Male-to-Female Transsexuals Have Female Neuron Numbers in a Limbic Nucleus

01 May 2000-The Journal of Clinical Endocrinology and Metabolism (The Endocrine Society)-Vol. 85, Iss: 5, pp 2034-2041
TL;DR: The present findings of somatostatin neuronal sex differences in the BSTc and its sex reversal in the transsexual brain clearly support the paradigm that in transsexuals sexual differentiation of the brain and genitals may go into opposite directions and point to a neurobiological basis of gender identity disorder.

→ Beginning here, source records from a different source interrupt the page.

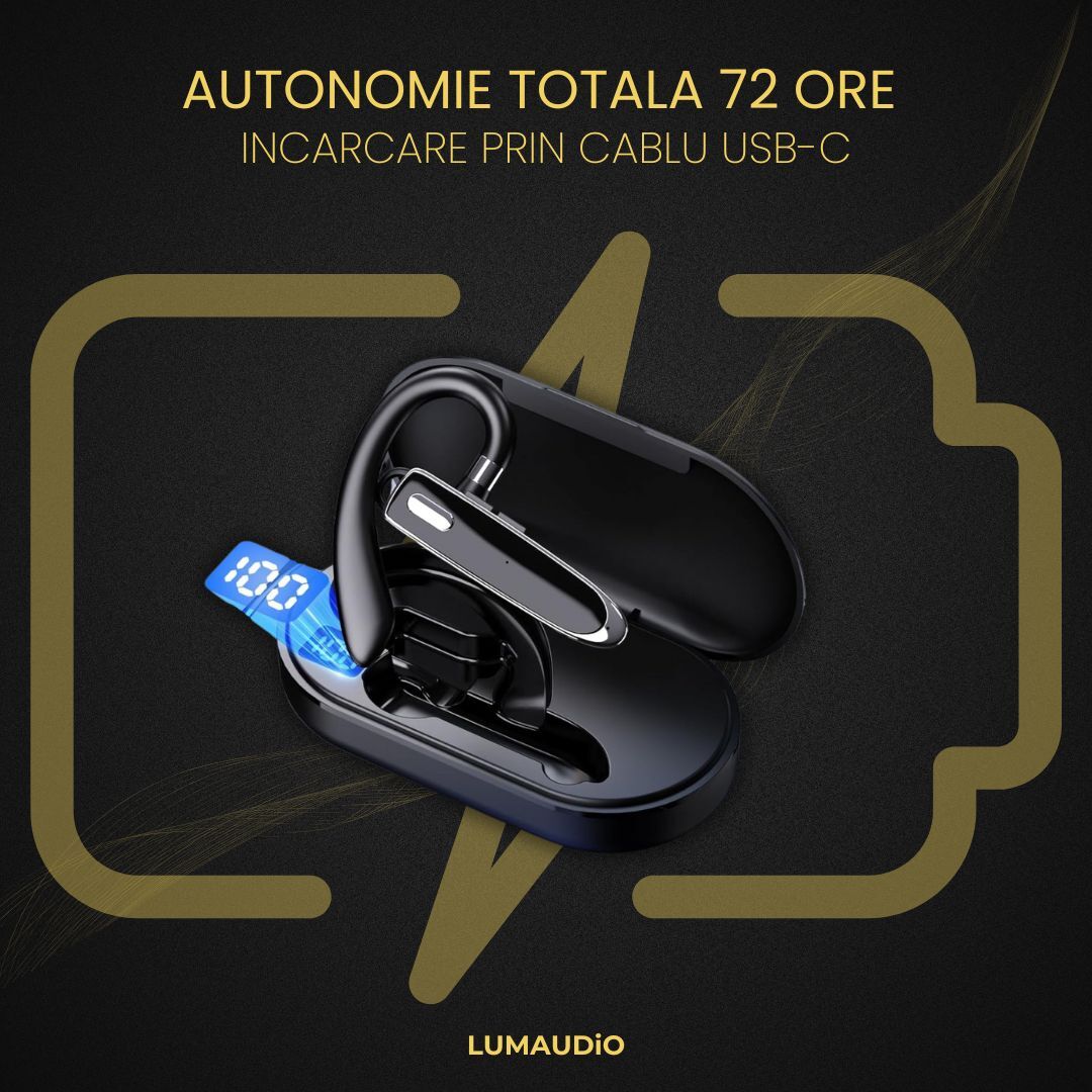 Cu o baterie de 120 mAh, casca bluetooth Lumaudio Ring oferă o autonomie de 10-12 ore, permițându-ți să te bucuri de muzică sau apeluri telefonice pentru o perioadă extinsă. Cutia de încărcare dispune de o baterie de 800 mAh, asigurându-ți până la 6-7 încărcări complete pentru casca bluetooth, ceea ce înseamnă o autonomie impresionantă de 70-72 ore în total. Încărcarea se face rapid printr-un port de tip USB-C, în 1.5 ore pentru cască și cutie. Astfel nu vei simți niciodată lipsa muzicii preferate.
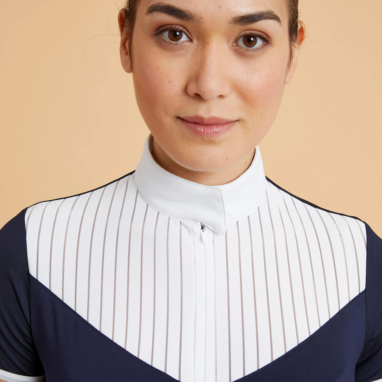 Our range of competition products has been designed and developed to reflect the culture of equestrian shows. You’ll find subtle, feminine details that match perfectly the show outfit expectations.For example, silver piping has been added to the ends of the short sleeves. The shirt front is made of an open, elegant fabric that’s also used in areas prone to heavier perspiration.
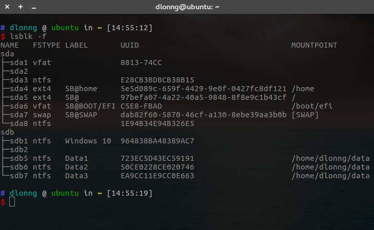 /home/dlonng/data1:要挂载到的目录,记得在挂载前新建这个目录!ntfs:挂载硬盘的文件类型,我的是 ntfsdefault:默认自动挂载utf8:挂载字符编码uid,gid:挂载这个硬盘的用户 id 和组 id,通过id username命令查看
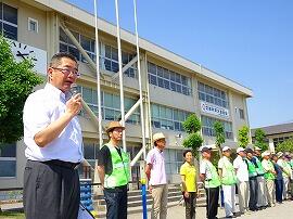 5月22日(月)の放課後,今年度初めての一斉下校が校庭で行われました。校庭には,いつも登校や下校を見守ってくださっているスクールガードリーダーの方々がお見えになっていました。今年初めてなので,児童とスクールガードリーダーの皆様との顔合わせをしました。「よろしくお願いします。」とみんなで声を合わせて言いました。校長先生からのお話を聞きました。「いつもスクールガードリーダーの方にはお世話になっています。ありがとうございます。」お話の後,さよならをしてスクールガードリーダーの方と一緒に帰りました。これからもどうぞよろしくお願いします。
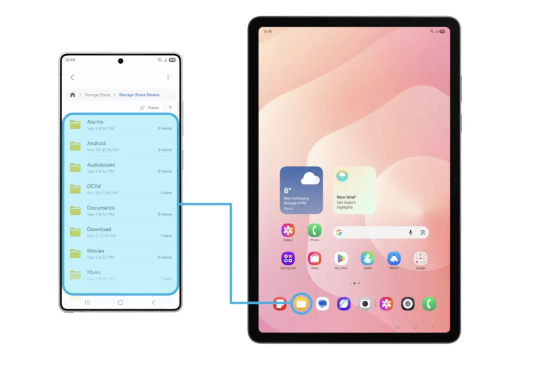Storage Share มอบความลื่นไหลมากขึ้นให้กับระบบนิเวศ Galaxy โดยแสดงไฟล์จากอุปกรณ์ Galaxy อื่น ๆ รวมถึงแท็บเล็ตและพีซี ให้ดูได้โดยตรงในแอป My Files และยังอนุญาตให้เข้าถึงไฟล์ในสมาร์ตโฟนจากอุปกรณ์ Samsung อื่นได้ เช่น ทีวี
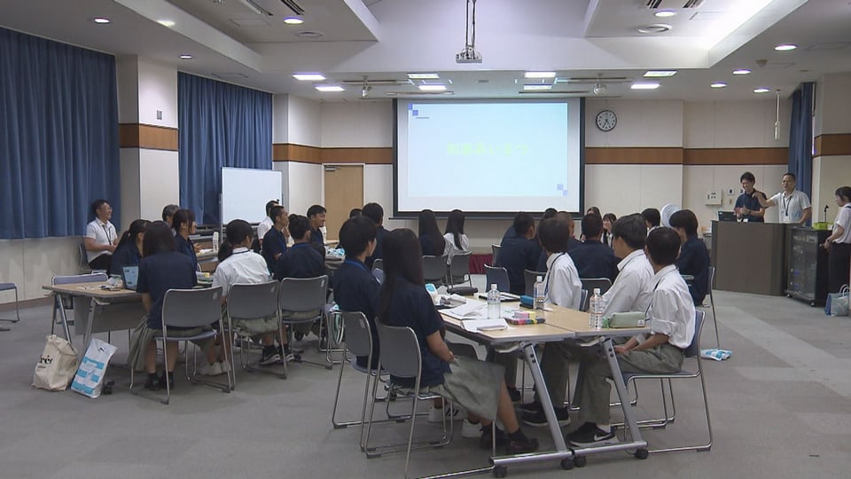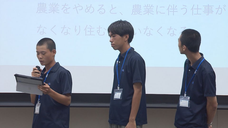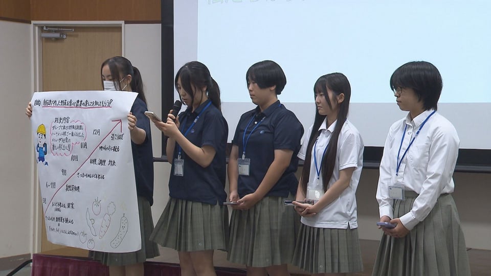 生徒たちは学校の「地域探求活動」で農業にスポットを当て、授業で学んだり体験したりした成果を江崎禎英知事と堀智考農政部長の前で発表しました。

Abstract: Transsexuals experience themselves as being of the opposite sex, despite having the biological characteristics of one sex. A crucial question resulting from a previous brain study in male-to-female transsexuals was whether the reported difference according to gender identity in the central part of the bed nucleus of the stria terminalis (BSTc) was based on a neuronal difference in the BSTc itself or just a reflection of a difference in vasoactive intestinal polypeptide innervation from the amygdala, which was used as a marker. Therefore, we determined in 42 subjects the number of somatostatin-expressing neurons in the BSTc in relation to sex, sexual orientation, gender identity, and past or present hormonal status. Regardless of sexual orientation, men had almost twice as many somatostatin neurons as women (P < 0.006). The number of neurons in the BSTc of male-to-female transsexuals was similar to that of the females (P = 0.83). In contrast, the neuron number of a female-to-male transsexual was found to be in the male range. Hormone treatment or sex hormone level variations in adulthood did not seem to have influenced BSTc neuron numbers. The present findings of somatostatin neuronal sex differences in the BSTc and its sex reversal in the transsexual brain clearly support the paradigm that in transsexuals sexual differentiation of the brain and genitals may go into opposite directions and point to a neurobiological basis of gender identity disorder.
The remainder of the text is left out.